The Answerability papers take up the harder cases — plural authorship, contested frames, systems where whose gate applies is itself unsettled. This repo is the bounded reference implementation, and issues and PRs that extend, test, or push against those limits are welcome: see CONTRIBUTING.md for what's in scope (a failing gold case is the best PR). The bar for new code is the bar the repo sets for itself: the fewest lines that keep the promises, boundaries enforced by types or runtime checks, loud failures, and no eval pass by special-casing a question.


Quick start

Requires Node.js 22+ and an OpenAI API key.

npm install
cp .env.example .env              # add your OPENAI_API_KEY in an editor

npm run index                                   # embed the example corpus, both layers
npm run ask -- "what does person a think about routine?"      # → partial, cites the essay
npm run ask -- "how was the bridge in harbor lights written?" # → related-material, routes to the notebook
npm run ask -- "what does person a think about crypto?"       # → I don't know.
npm run eval                                    # the promises, checked (retrieval)
npm run eval -- --from-report latest            # rerun failures only (cheap)
npm run eval -- --full --ids q07                # answer engine on one query

The default models are in archive.config.ts (text-embedding-3-large + gpt-4o-mini). Change answerModel to any Responses-API model your key supports — the engine adapts (reasoning models get an effort setting, others get temperature: 0).

Make it yours

  1. Edit archive.config.ts: your name, your archive's name, your base URL, where your markdown lives.
  2. Each collection is a directory of .md/.mdx files.
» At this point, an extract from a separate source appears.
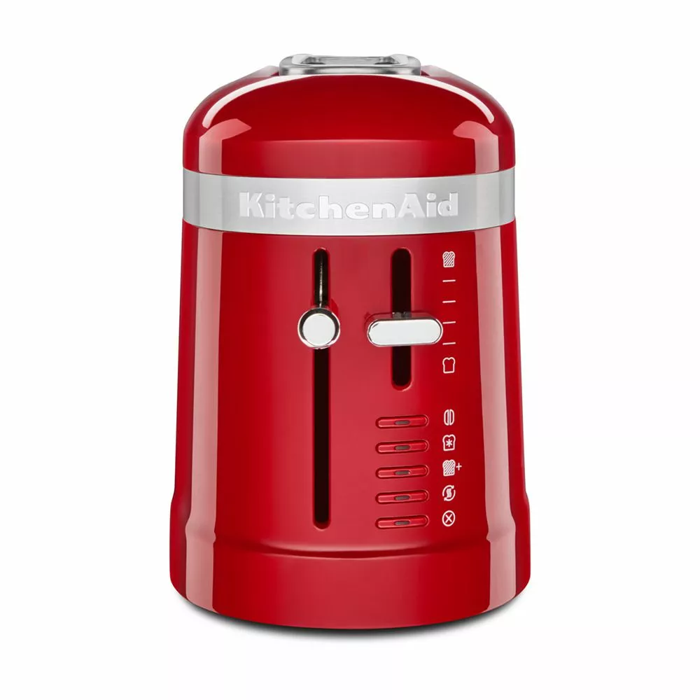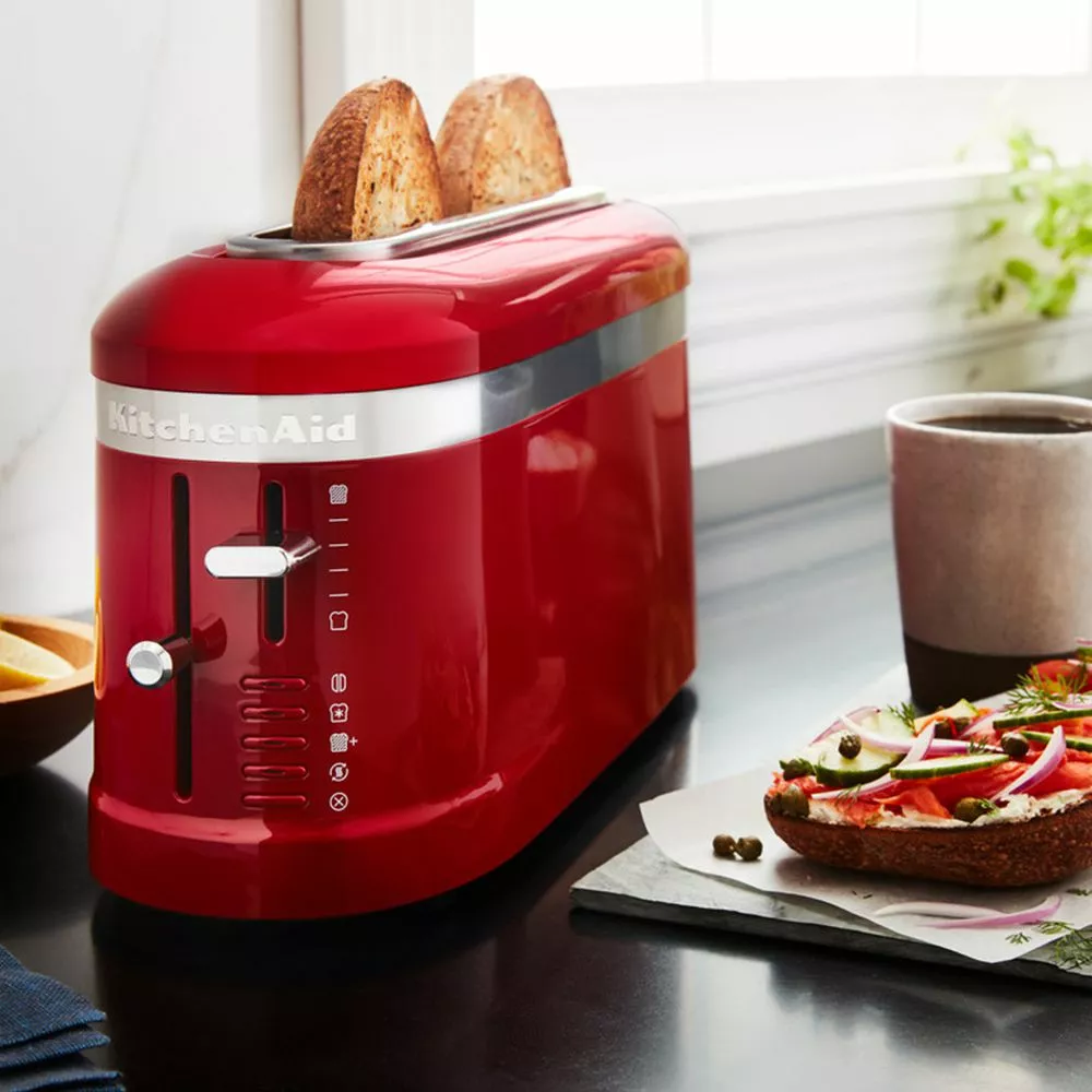Genießen Sie Brote vom Bäcker oder aus der eigenen Küche. Dann brauchen Sie den Design Toaster von Kitchen aid mit genug Platz für alle möglichen Scheibenformate und -größen, ein knuspriges Ergebnis. Kleine Brotscheiben und aufgeschnittene Brötchen werden hoch angehoben und lassen sich so leichter entnehmen, ohne dass Sie sich die Finger verbrennen. Gefrorene Brötchen und Backwaren können Sie ganz leicht auftauen. Ihr Toast ist fertig, Sie aber noch nicht? Wärmen Sie Ihr Brot ganz einfach mit einem einzigen Knopfdruck auf.
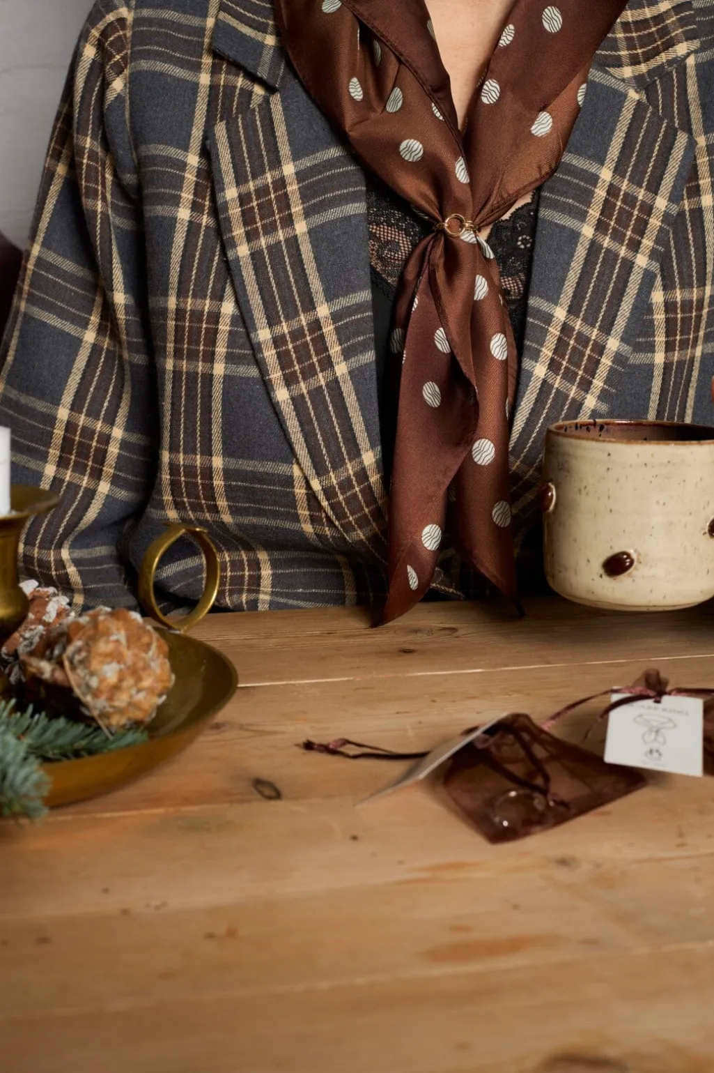 Guldfarvet tørklædering fra Black Colour med rund form og to åbninger. Den lille ring er lavet i en enkel og praktisk udformning til at holde tørklæderne samlet.

The filename stem is the slug — it becomes part of the record id and the public URL, so name files the way you want your citations to read. Frontmatter the engine reads: title (required), description/summary/meaning, themes/keywords/topics, date, draft: true to skip a file.
  3. Private notes additionally need about (the public URL to route to) and locator (where the moment lives). One contract to respect: a note's title and locator ARE public-safe surface — they travel into hints and answers — so write them like captions, not like the note itself. Only the body is private. No private layer? Remove privateNotesDir from the config and the engine runs public-only.
  4. Replace example-content/ with your corpus and rerun npm run index.
  5. Rewrite eval/gold.yaml for your corpus — keep the refusals.

Commands

npm run index       # build/refresh artifacts/index.json (only embeds changes)
npm run ask         # ask one question, get a cited answer
npm run eval        # gold set, retrieval checks (-- --full for answers; prefer --ids / --from-report)
npm test            # offline, deterministic engine tests — no API key
npm run typecheck   # tsc --noEmit

Where to take it

In the order we'd add them:

  • Chunking — split long documents into overlapping windows so retrieval points at passages, not whole files.
  • More retrieval signals — recency (for "what do you think now"), author aliases, per-collection weights.
  • A document-frequency cap on the theme boost — at four records a verbatim theme match is signal; on a large corpus, a theme that appears on half the records boosts nothing and should be discounted.
  • Evidence pruning before synthesis — on a large corpus, wide top-k surfaces correlated neighbors instead of distinct sources; keep one record per cluster, plus a single corroborator when the winner leads by a margin. This shapes what synthesis sees, not what the gate certifies — retrieved is still not cited.
  • An HTTP handler around retrieve + answerQuestion, with a rate limit, query cap, and cache.
  • SQLite or pgvector when the archive outgrows in-memory cosine — the shapes don't change.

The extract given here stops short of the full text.